[Records excerpted from a collection]

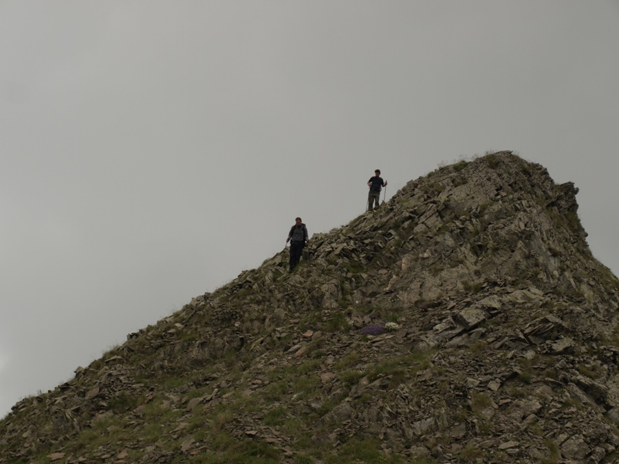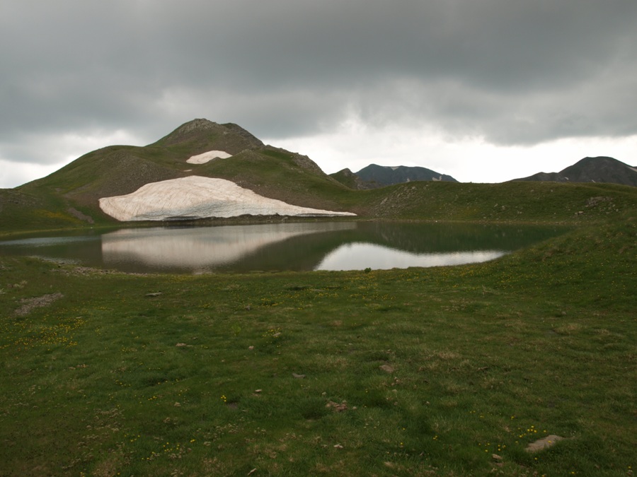 Η πορεία μας συνεχίζει Βόρια Β, στην ράχη της απότομης κορυφής με χαρακτηριστική «πυραμίδα» 2470Μ. Εδώ προσοχή ακολουθούμε αυστηρά το μονοπάτι που ακολουθεί την κόψη, αν παρακάμψουμε δεξιά για να αποφύγουμε την κορυφή, παρότι φαίνεται βατό έχει πολλές παγίδες από σαθρό έδαφος και η κλίση είναι αρκετά μεγάλη. Μετά την πυραμίδα κατεβαίνουμε συνεχίζοντας ακολουθώντας το χείλος του γκρεμού που έχουμε αριστερά μας ώσπου καταλήγουμε σε υψόμετρο 2360Μ σε αυχένα, με το μονοπάτι να στρίβει δεξιά Νοτιοανατολικά ΝΑ σε ομαλή πλαγιά έχοντας αριστερά μας την κορυφή 2400Μ και κάθετα βράχια τα οποία προσπερνάμε και καταλήγουμε σε υψόμετρο 2360Μ σε ομαλή πλαγιά. Συνεχίζουμε αλλάζοντας κατεύθυνση σε Βόρεια Β έχοντας δεξιά μας πλαγια και σε 0,5Χμ., περίπου καταλήγουμε σε λεκάνη όπου βρίσκετε η Αλπική λίμνη (8), με τα σύννεφα να έχουν «μολυβίαση», αλλά ευτυχώς έχουμε ορατότητα για να θαυμάσουμε το μεγαλείο αυτό της φύσης.
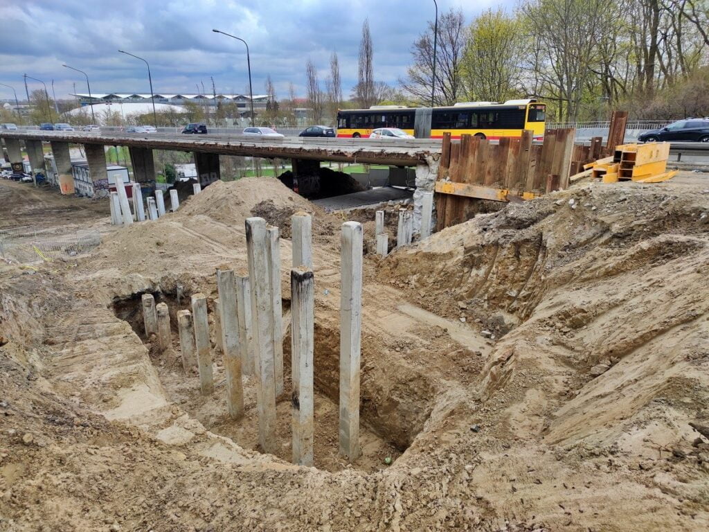 Rozbiórka północnego wiaduktu dobiegła już końca. Kierowcy jadący Trasą Łazienkowską mogą nie zdawać sobie sprawy, że w miejscu wyburzonego obiektu powstają już pierwsze elementy nowej konstrukcji – mury oporowe, fundamenty i podpory przyszłego wiaduktu, a przy ul. Rozbrat przechodnie mogą już zaobserwować zarys pochylni dla rowerów.
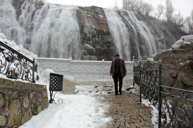 Tortum Şelalesi beyaza büründü
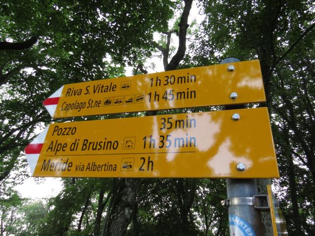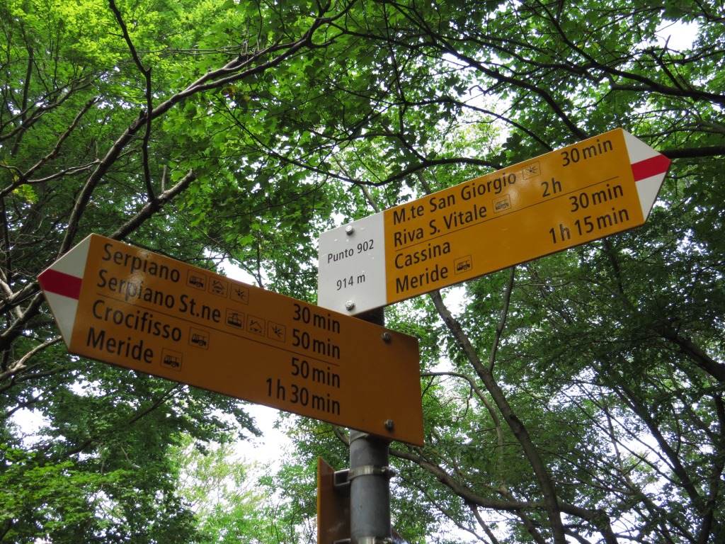 Wegweiser bei Punkt 914 m.ü.M. hier stossen wir auf den Wanderweg der von Serpiano her kommt Datum 13.03.2015
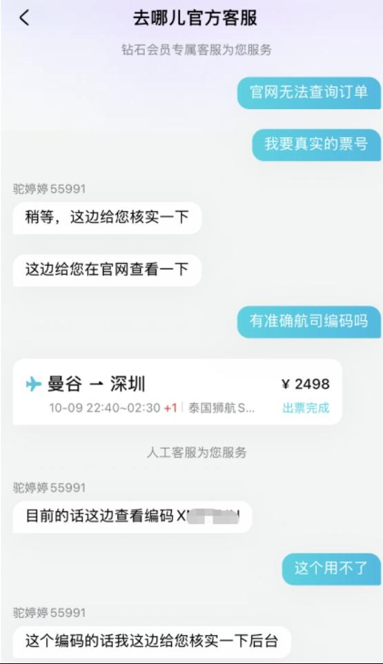 去哪儿网买的机票航司查不到!费用明细拒给乘客
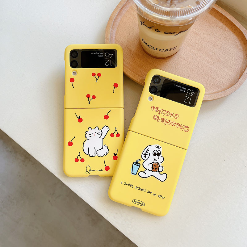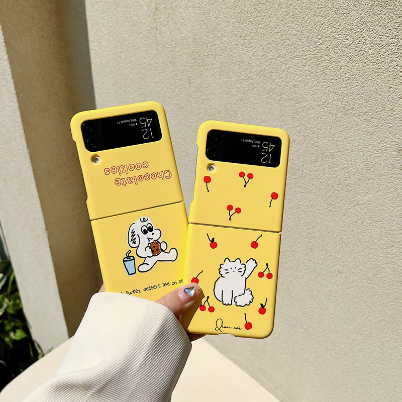 適用三星zflip5手機殼可愛簡約韓風卡通動物貓咪小狗保護套zlfip4磨砂純色清新糖果膚感zflip 3硬黃貓狗flip4
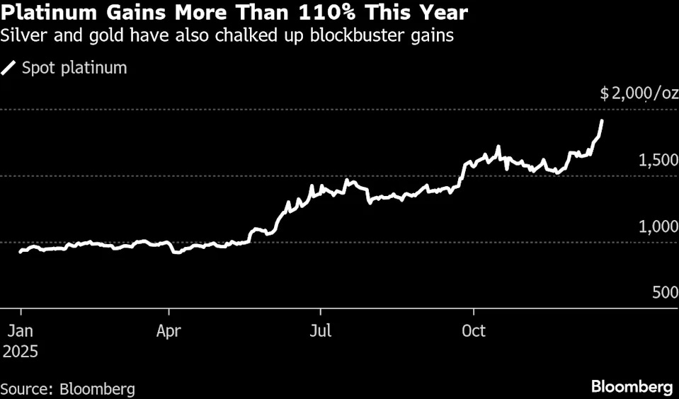 وفي الطرف الآخر، الذهب والبلاتين يقتربان من مستويات تاريخية مدعومين بتباطؤ التضخم، خفض الفائدة، وتصاعد التوترات الجيوسياسية.
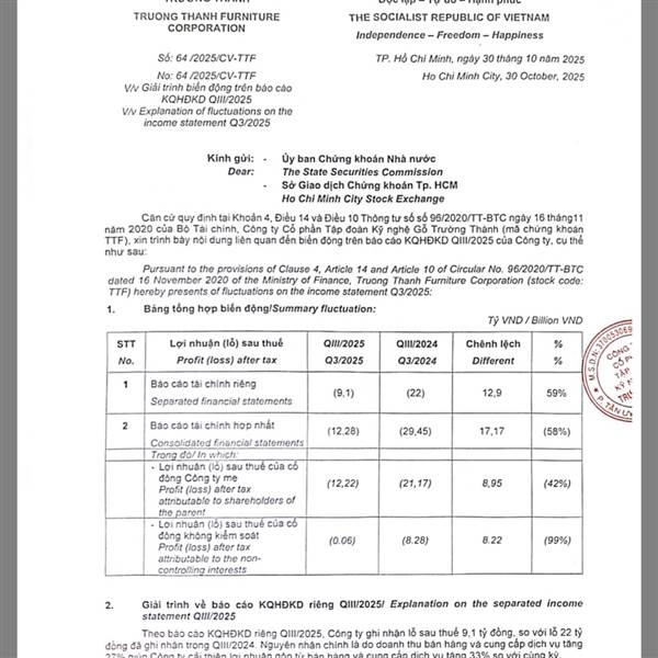 Bctc Q3: lỗ -12 tỷ. Cùng kỳ Q3/2024: lỗ -29 tỷ
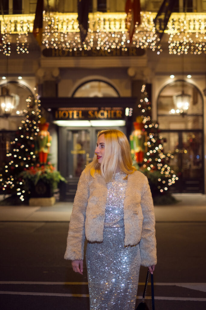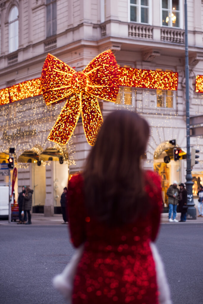 Pro tip: The Hotel Sacher Christmas facade is a pure dream — rich reds, gold tones, and evergreen garlands that photograph beautifully. Pair it with the nearby bow for a polished city series.

▶ _Exercise prompt_
Without the images, print all of the lines above exactly.

▶ _Solution to this problem_
 Η πορεία μας συνεχίζει Βόρια Β, στην ράχη της απότομης κορυφής με χαρακτηριστική «πυραμίδα» 2470Μ. Εδώ προσοχή ακολουθούμε αυστηρά το μονοπάτι που ακολουθεί την κόψη, αν παρακάμψουμε δεξιά για να αποφύγουμε την κορυφή, παρότι φαίνεται βατό έχει πολλές παγίδες από σαθρό έδαφος και η κλίση είναι αρκετά μεγάλη. Μετά την πυραμίδα κατεβαίνουμε συνεχίζοντας ακολουθώντας το χείλος του γκρεμού που έχουμε αριστερά μας ώσπου καταλήγουμε σε υψόμετρο 2360Μ σε αυχένα, με το μονοπάτι να στρίβει δεξιά Νοτιοανατολικά ΝΑ σε ομαλή πλαγιά έχοντας αριστερά μας την κορυφή 2400Μ και κάθετα βράχια τα οποία προσπερνάμε και καταλήγουμε σε υψόμετρο 2360Μ σε ομαλή πλαγιά. Συνεχίζουμε αλλάζοντας κατεύθυνση σε Βόρεια Β έχοντας δεξιά μας πλαγια και σε 0,5Χμ., περίπου καταλήγουμε σε λεκάνη όπου βρίσκετε η Αλπική λίμνη (8), με τα σύννεφα να έχουν «μολυβίαση», αλλά ευτυχώς έχουμε ορατότητα για να θαυμάσουμε το μεγαλείο αυτό της φύσης.
 Rozbiórka północnego wiaduktu dobiegła już końca. Kierowcy jadący Trasą Łazienkowską mogą nie zdawać sobie sprawy, że w miejscu wyburzonego obiektu powstają już pierwsze elementy nowej konstrukcji – mury oporowe, fundamenty i podpory przyszłego wiaduktu, a przy ul. Rozbrat przechodnie mogą już zaobserwować zarys pochylni dla rowerów.
 Tortum Şelalesi beyaza büründü
 Wegweiser bei Punkt 914 m.ü.M. hier stossen wir auf den Wanderweg der von Serpiano her kommt Datum 13.03.2015
 去哪儿网买的机票航司查不到!费用明细拒给乘客
 適用三星zflip5手機殼可愛簡約韓風卡通動物貓咪小狗保護套zlfip4磨砂純色清新糖果膚感zflip 3硬黃貓狗flip4
 وفي الطرف الآخر، الذهب والبلاتين يقتربان من مستويات تاريخية مدعومين بتباطؤ التضخم، خفض الفائدة، وتصاعد التوترات الجيوسياسية.
 Bctc Q3: lỗ -12 tỷ. Cùng kỳ Q3/2024: lỗ -29 tỷ
 Pro tip: The Hotel Sacher Christmas facade is a pure dream — rich reds, gold tones, and evergreen garlands that photograph beautifully. Pair it with the nearby bow for a polished city series.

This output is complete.